▶ _WHAT THE TASK ASKS_: Transcribe every line of the material below without change, apart from dropping the pictures.

►

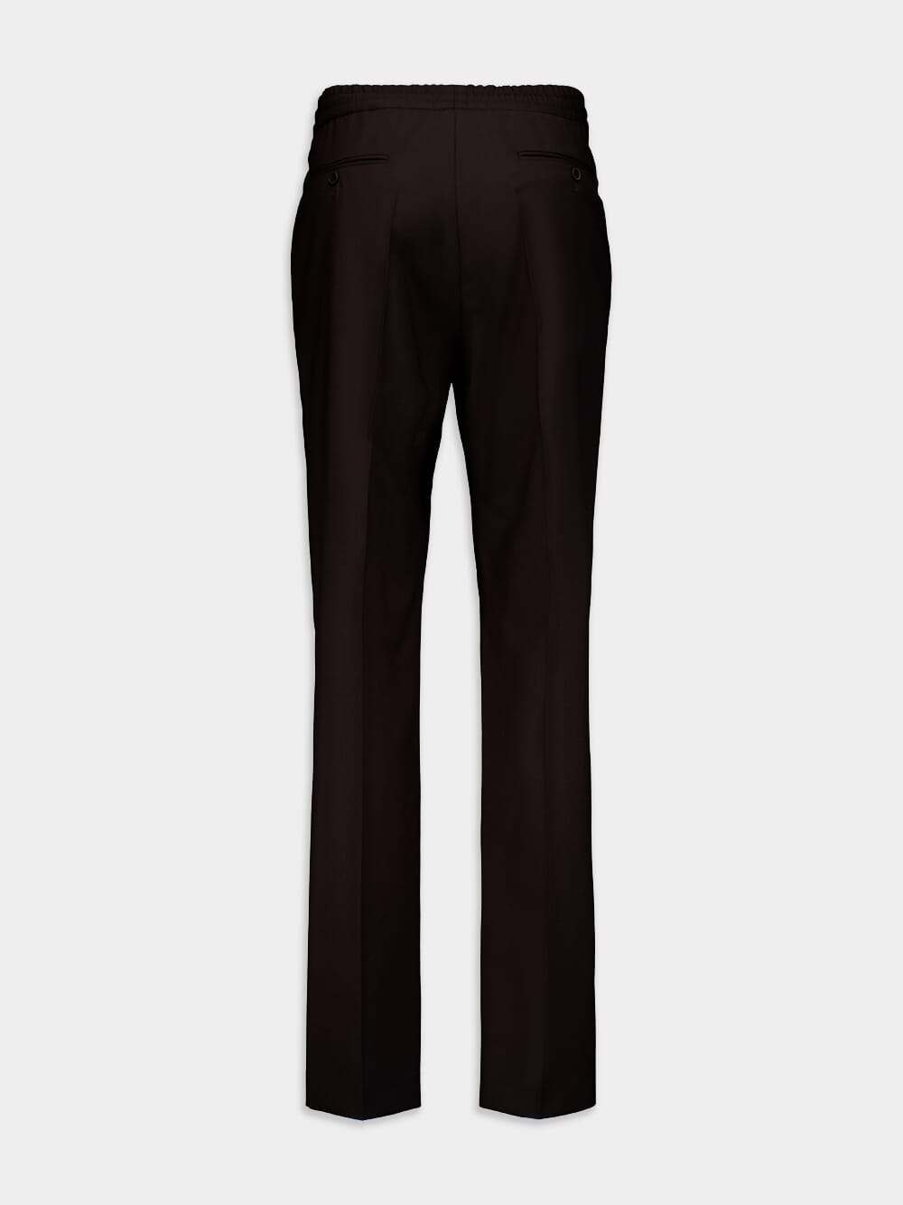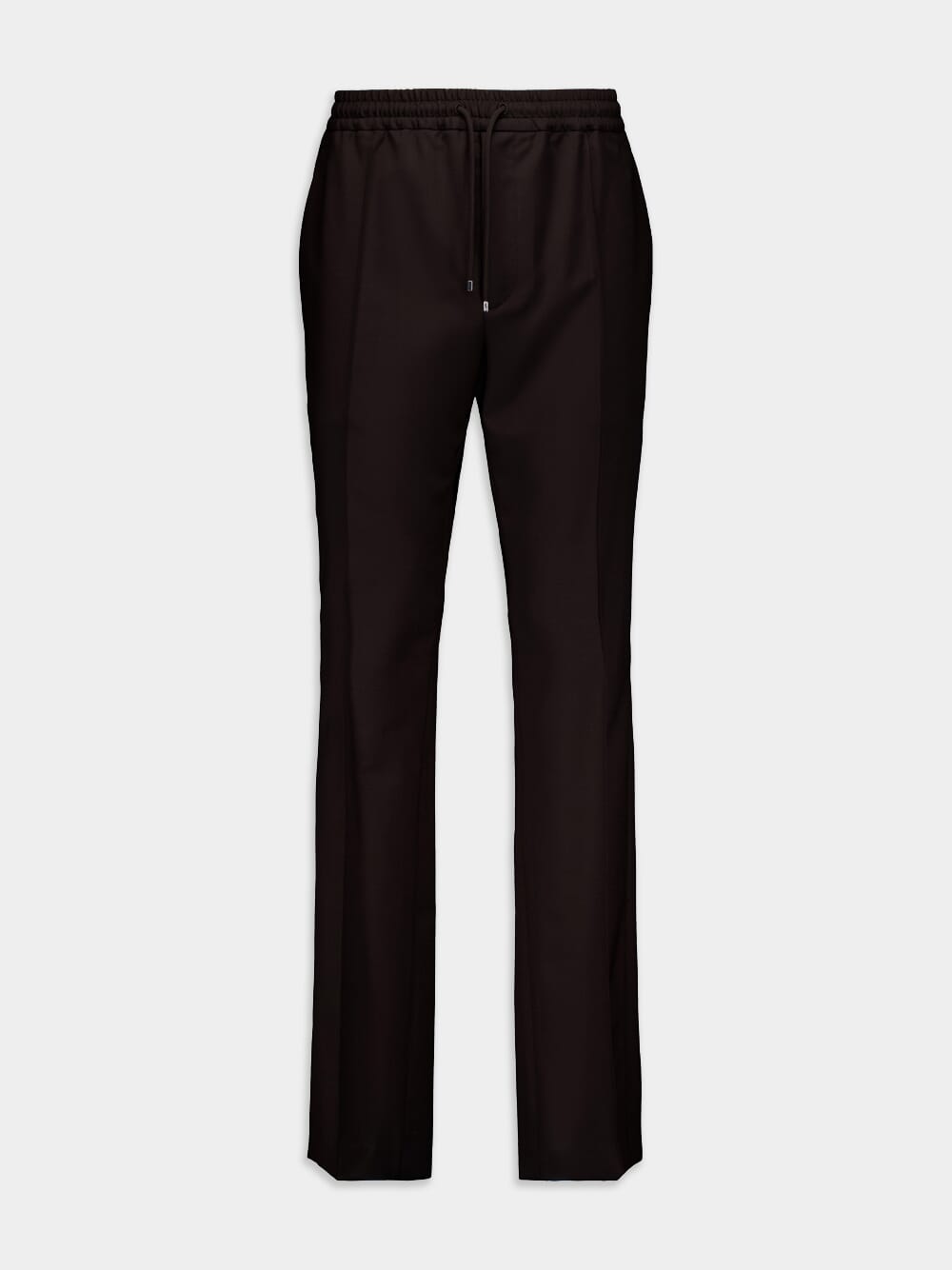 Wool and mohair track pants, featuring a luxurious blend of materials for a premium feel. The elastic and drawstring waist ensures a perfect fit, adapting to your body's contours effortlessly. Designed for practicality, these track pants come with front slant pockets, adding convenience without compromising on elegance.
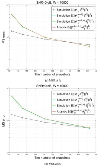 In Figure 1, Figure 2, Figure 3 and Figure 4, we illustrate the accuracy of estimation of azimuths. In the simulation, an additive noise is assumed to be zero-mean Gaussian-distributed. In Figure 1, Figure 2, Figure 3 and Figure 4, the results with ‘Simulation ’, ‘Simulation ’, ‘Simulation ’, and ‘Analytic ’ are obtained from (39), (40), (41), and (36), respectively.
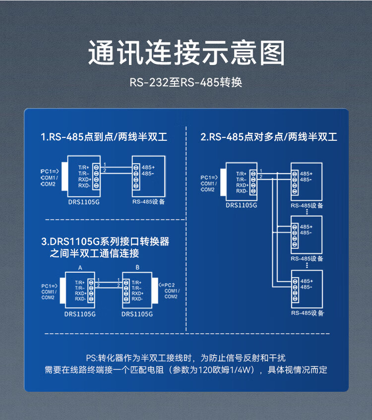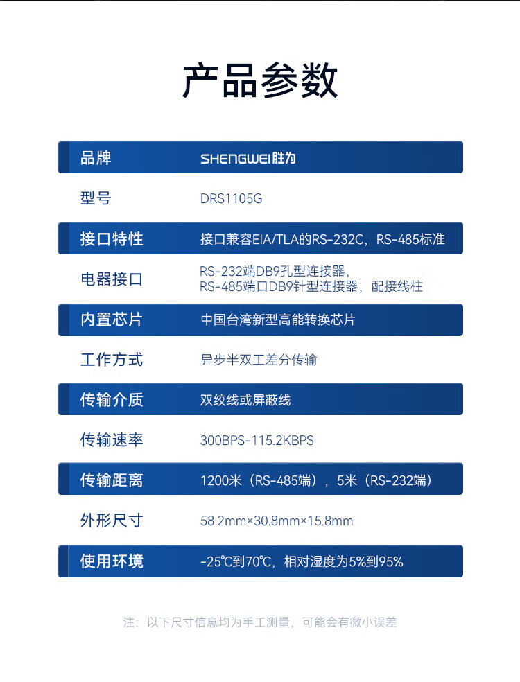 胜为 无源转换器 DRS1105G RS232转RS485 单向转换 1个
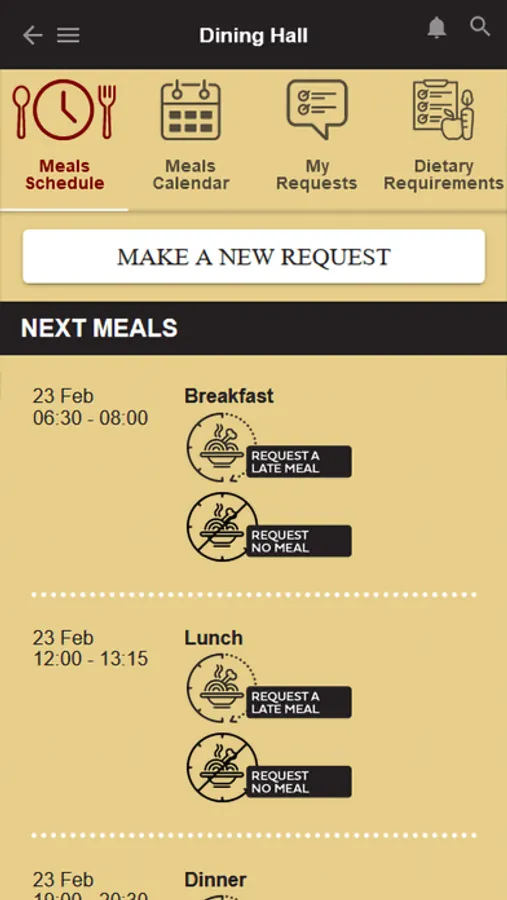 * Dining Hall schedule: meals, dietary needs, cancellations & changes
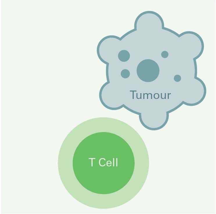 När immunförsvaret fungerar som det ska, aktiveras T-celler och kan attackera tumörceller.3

◄

▶ _RESPONSE_:
 Wool and mohair track pants, featuring a luxurious blend of materials for a premium feel. The elastic and drawstring waist ensures a perfect fit, adapting to your body's contours effortlessly. Designed for practicality, these track pants come with front slant pockets, adding convenience without compromising on elegance.
 In Figure 1, Figure 2, Figure 3 and Figure 4, we illustrate the accuracy of estimation of azimuths. In the simulation, an additive noise is assumed to be zero-mean Gaussian-distributed. In Figure 1, Figure 2, Figure 3 and Figure 4, the results with ‘Simulation ’, ‘Simulation ’, ‘Simulation ’, and ‘Analytic ’ are obtained from (39), (40), (41), and (36), respectively.
 胜为 无源转换器 DRS1105G RS232转RS485 单向转换 1个
 * Dining Hall schedule: meals, dietary needs, cancellations & changes
 När immunförsvaret fungerar som det ska, aktiveras T-celler och kan attackera tumörceller.3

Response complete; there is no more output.